Date: 2011-01-10 05:26 pm (UTC)
ext_12726: (December)
From: [identity profile] heleninwales.livejournal.com
I'm glad you were familiar with the word. I did hesitate for a moment before using it because I suspected it was a Britishism, but it did convey exactly what has been happening in my book queue. :)

Date: 2011-01-10 04:37 pm (UTC)
From: [identity profile] barry-king.livejournal.com
I love your playlists. For me, they're like visiting another country.

Date: 2011-01-10 05:00 pm (UTC)
From: [identity profile] asakiyume.livejournal.com
One thing I really, really love about being online is finding new music, thanks to meeting up with so many different people.

Date: 2011-01-10 04:53 pm (UTC)
From: [identity profile] mnfaure.livejournal.com
Thanks for that playlist. It lead me on a merry music spree on YouTube.

Date: 2011-01-10 05:00 pm (UTC)
From: [identity profile] asakiyume.livejournal.com
Hee! So glad. Let me know if one particularly strikes your fancy (or if there's one you can't find on YouTube)

Date: 2011-01-11 03:39 am (UTC)
From: [identity profile] behindpyramids.livejournal.com
I feel like the economy is this gray blob of squish and growing it makes me go eeewwww. um, I mean in terms of hearing the phrase.

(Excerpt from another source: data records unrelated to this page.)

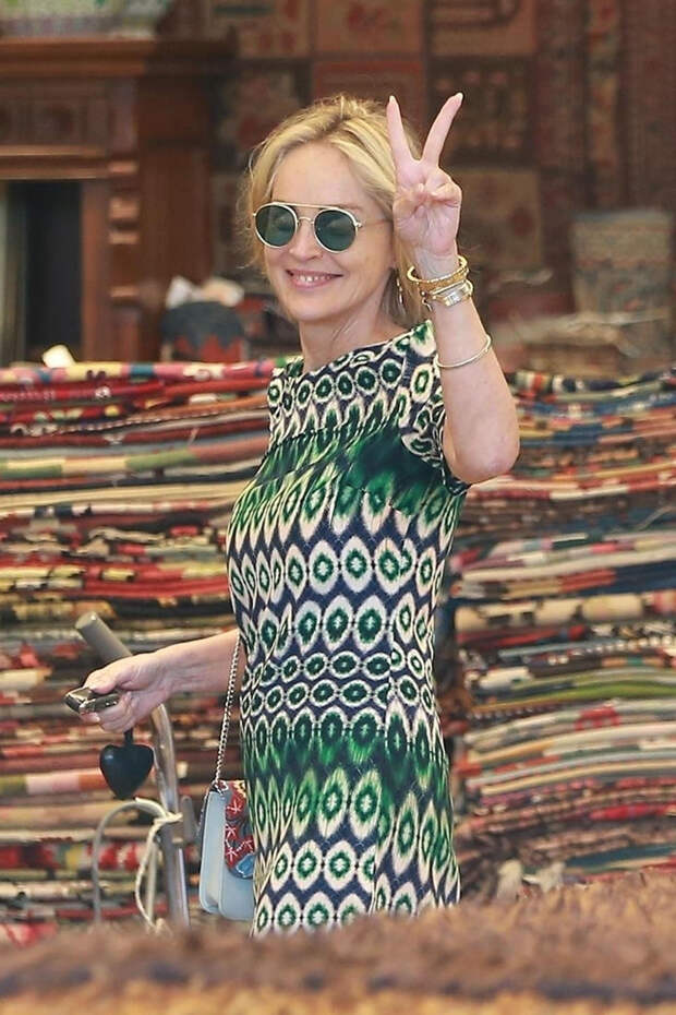 Оптимизму и обаянию Шэрон Стоун можно только позавидовать: судя по фото папарацци, актриса всегда в отличном расположении духа, а ее фигура в 61 год вызывает восхищение и, опять же, белую зависть. Только посмотрите, как к лицу звезде "Основного инстинкта" это мини-платье из штапеля с пестрым орнаментом — в нем наша героиня отправилась на шопинг с друзьями в Западном Голливуде.
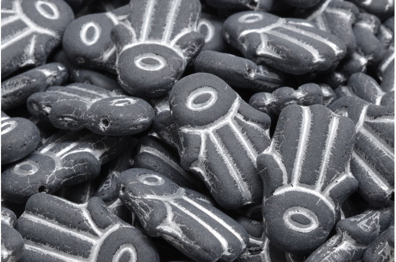 ハムサハンドビーズ、ブラックシルバーラインマット(23980-54301-84100)、ガラス、チェコ共和国
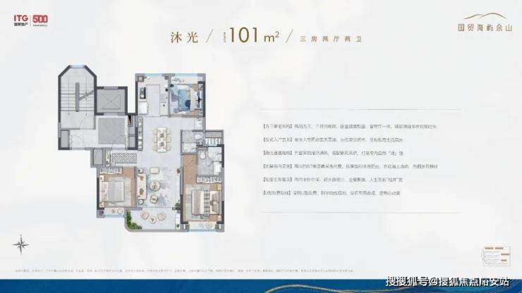 除了叠墅外,全社区仅4幢建面约101㎡沐光全景小高层,通过前瞻排布,几乎做到了户户景观无遮挡。
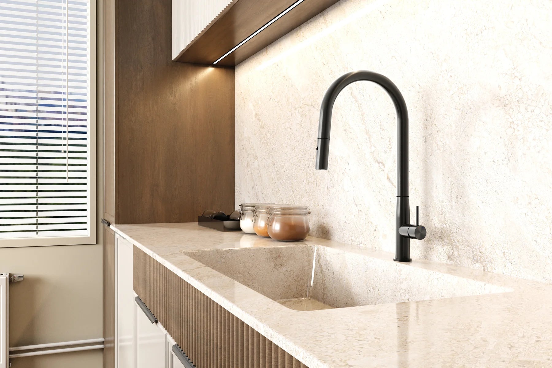 Premium pull-out kitchen faucet designed for modern homes. The flexible hose and 360° swivel spout allow you to direct water exactly where you need it, making everyday cleaning easier and more efficient. Equipped with international-brand components for long-lasting performance.
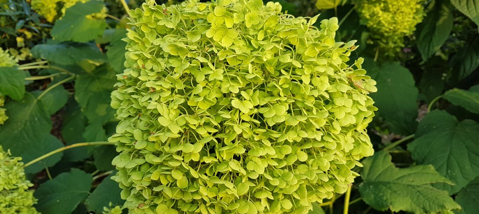 An outstanding shrub with very large white flower-heads which turn green in late summer, making them popular for cutting or drying. A good variety for cooler parts of NZ, it will still produce flowers on new stems if plant is damaged during winter due to snow and frost. It requires semi-shade and a sheltered location to protect the large blooms from wind. Can be susceptible to root disease, this is more prevalent when planted in wet soil, with humid conditions.
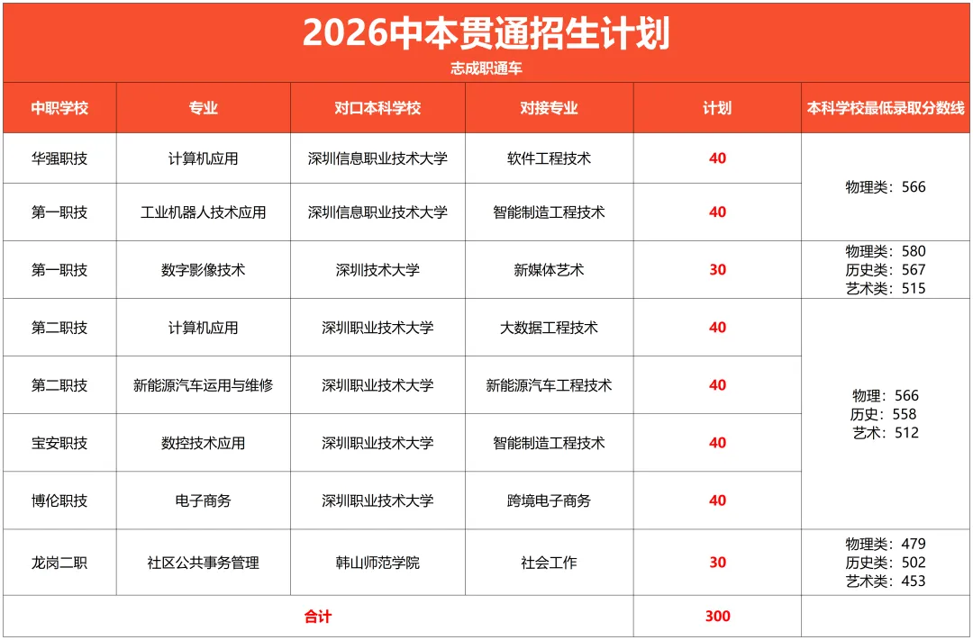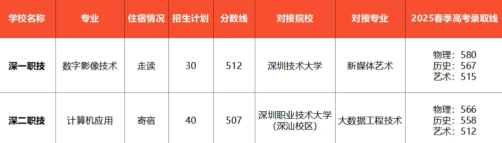 在2025年,中本贯通仅有两所学校两个专业,共招生70人,,深一职数字影像技术→深技大新媒体艺术、深二职计算机应用→深职大大数据工程技术,25年首届招生分数线分别为512分、507分,其他专业均为26年新增。
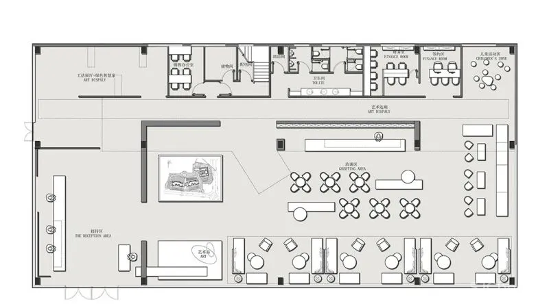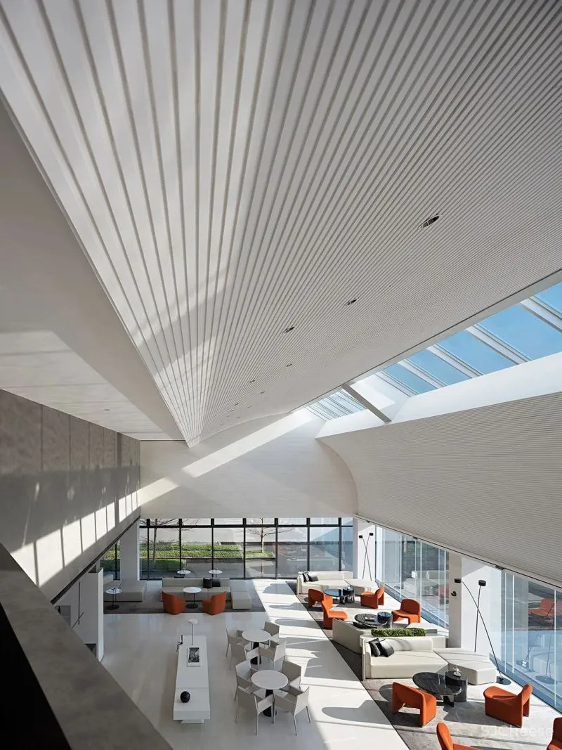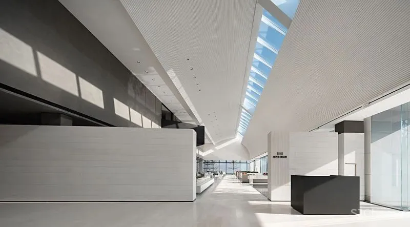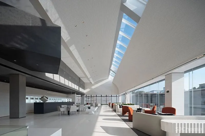 在设计师看来,解构空间不限于重组块面、线条的技法,更重要的是自然、艺术、生活的巧妙融入。在中空挑高的洽谈区,设计师将线条交织于弧面,同时在弧面与弧面之间,引入一排透明天窗,以玻璃材质构建光的入口,令虚与实、刚与柔、轻与重的对比呈演出艺术化的效果。
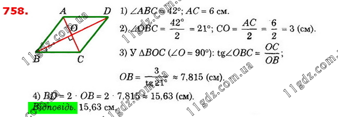 758. Кут ромба дорівнює 42°, а діагональ, що лежить проти нього, - 6 см. Знайдіть другу діагональ ромба (з точністю до сотих сантиметра).
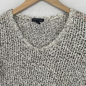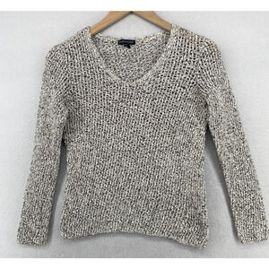 EILEEN FISHER Sweater S Cotton Marled Crochet Top V-Neck Pullover Black White
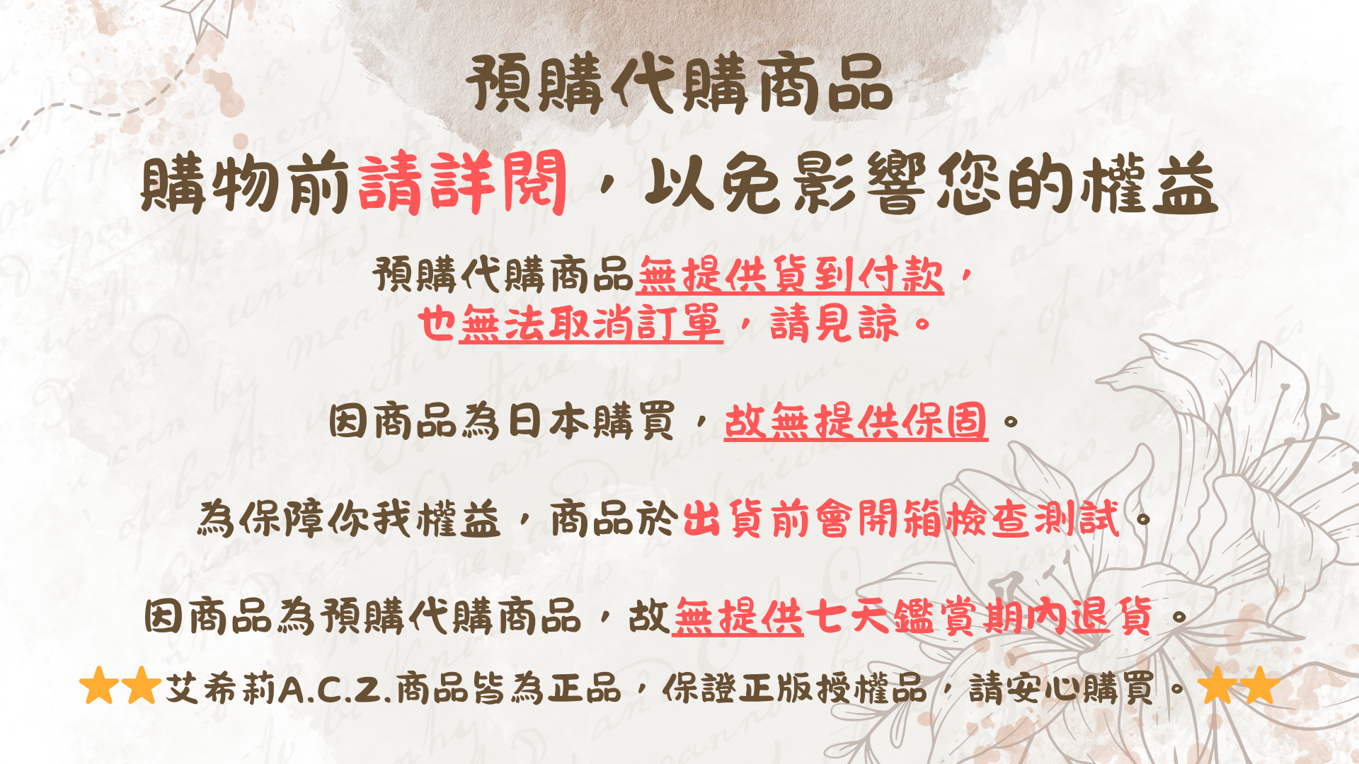 出貨時間:商品發售到貨後,會依照訂單順序出貨,不接急單,請見諒。
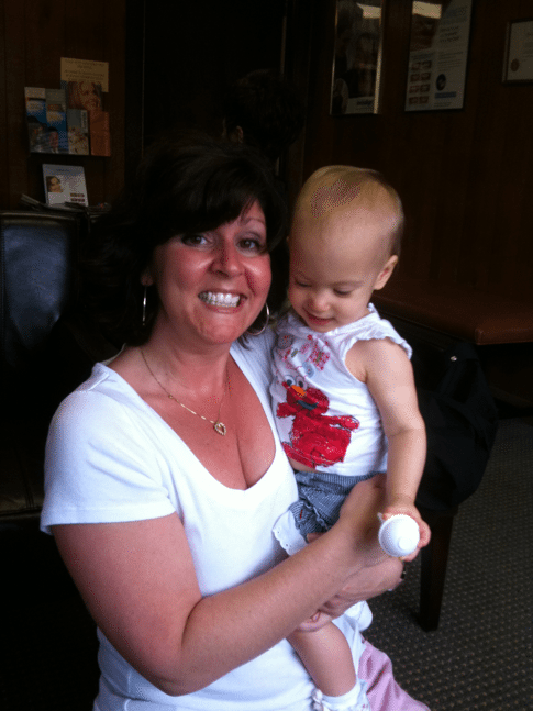 Not really – I only have 6 teeth!! Mommy had a dentist appointment, so I went with her, and daddy came to hang out with me while mommy got her teeth cleaned. Her hygienist, Gina, came out to meet me – the last time mommy was here was a few days before I was born!
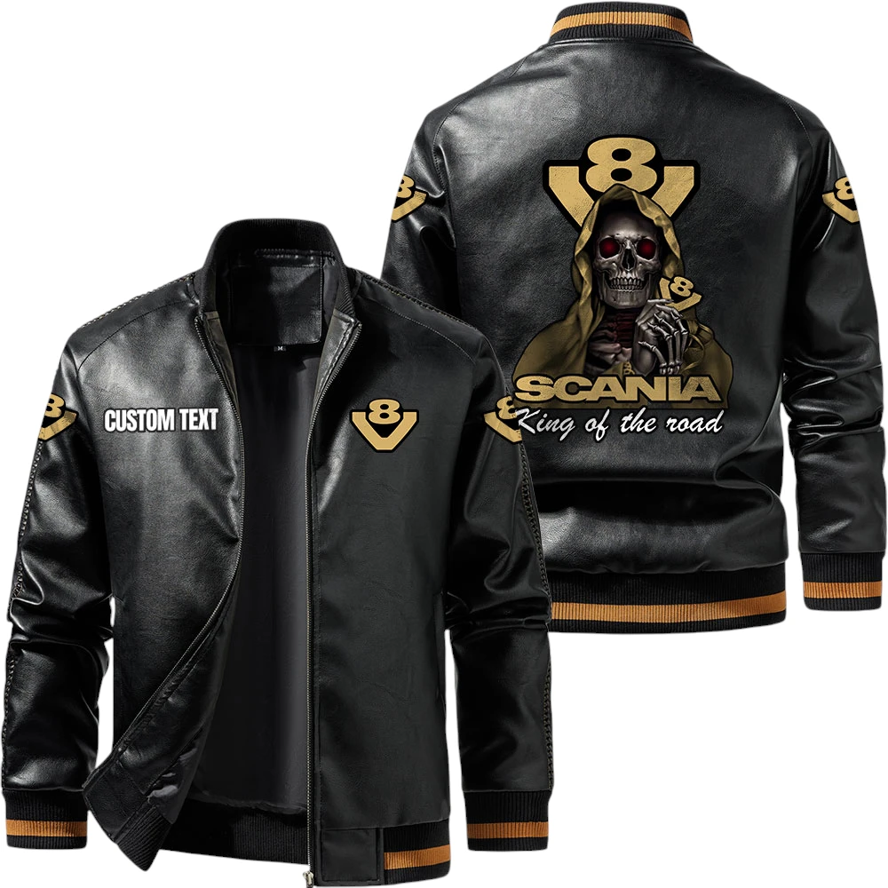 Vintage Scania V8 Exclusive Logo Leather Jacket, Classic Ribbed Collar Striped Cuffs, Custom Name TN160325Y12LJ93CT3SCA
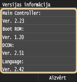 Varat pārbaudīt programmaparatūras versiju no iekārtas darbības paneļa. Pēc programmaparatūras atjaunināšanas beigām pārliecinieties, ka atjauninājums veikts pareizi. Programmaparatūras versijas pārbaudīšana

"but if you have enough things you desperately want to read, you can end up dreading reading, because they all demand your attention, and if you're reading one, you're slighting another--and so it's easier just not to read at all."

yeah! I feel this way about my online reading. I'm always behind and there's always so much to catch up on. In some ways books feel less real to me and come with less pressure.

Date: 2011-01-11 06:23 am (UTC)
From: [identity profile] asakiyume.livejournal.com
I have at least two people's book manuscripts, plus a number of people's newly published books, which I haven't finished yet. That feels terrible... but no use just hanging around feeling terrible; I have to get cracking.

I note, though, that I still haven't **actually** concluded even King Spruce, let alone these other things....

Date: 2011-01-12 12:33 am (UTC)
From: [identity profile] skogkatt.livejournal.com
Yeah, I always have this problem, too. And I'm supposedly in two book groups. It's too much reading! And I feel guilty and then I just read the internet. But then I ignore LJ for a day or two and I get guilty about that, so I avoid it, too! It's vicious, this circle. I have two novel manuscripts that really must be read this month. They ought to gazump in front of everything else, I suppose. Am I using gazump right?

Date: 2011-01-12 12:55 am (UTC)
From: [identity profile] asakiyume.livejournal.com
We'd have to get [livejournal.com profile] heleninwales or [livejournal.com profile] wakanomori to say for sure, but my sense of gazumping is that it's not something there's an "ought" about. In the case you describe, you feel obliged to read the manuscripts (not to say that they're not great! but what's driving you is a sense of obligation--or at least, that's how I'm reading what you're saying?) Whereas, gazumping is when something barges its way in front. So like, if a book came out that you were absolutely DYING to read, and you dropped LJ, dropped all your other reading obligations, and dropped your book groups, *that* would be gazumping. --at least, that's my impression, but as I say, I'm not a native speaker in this case!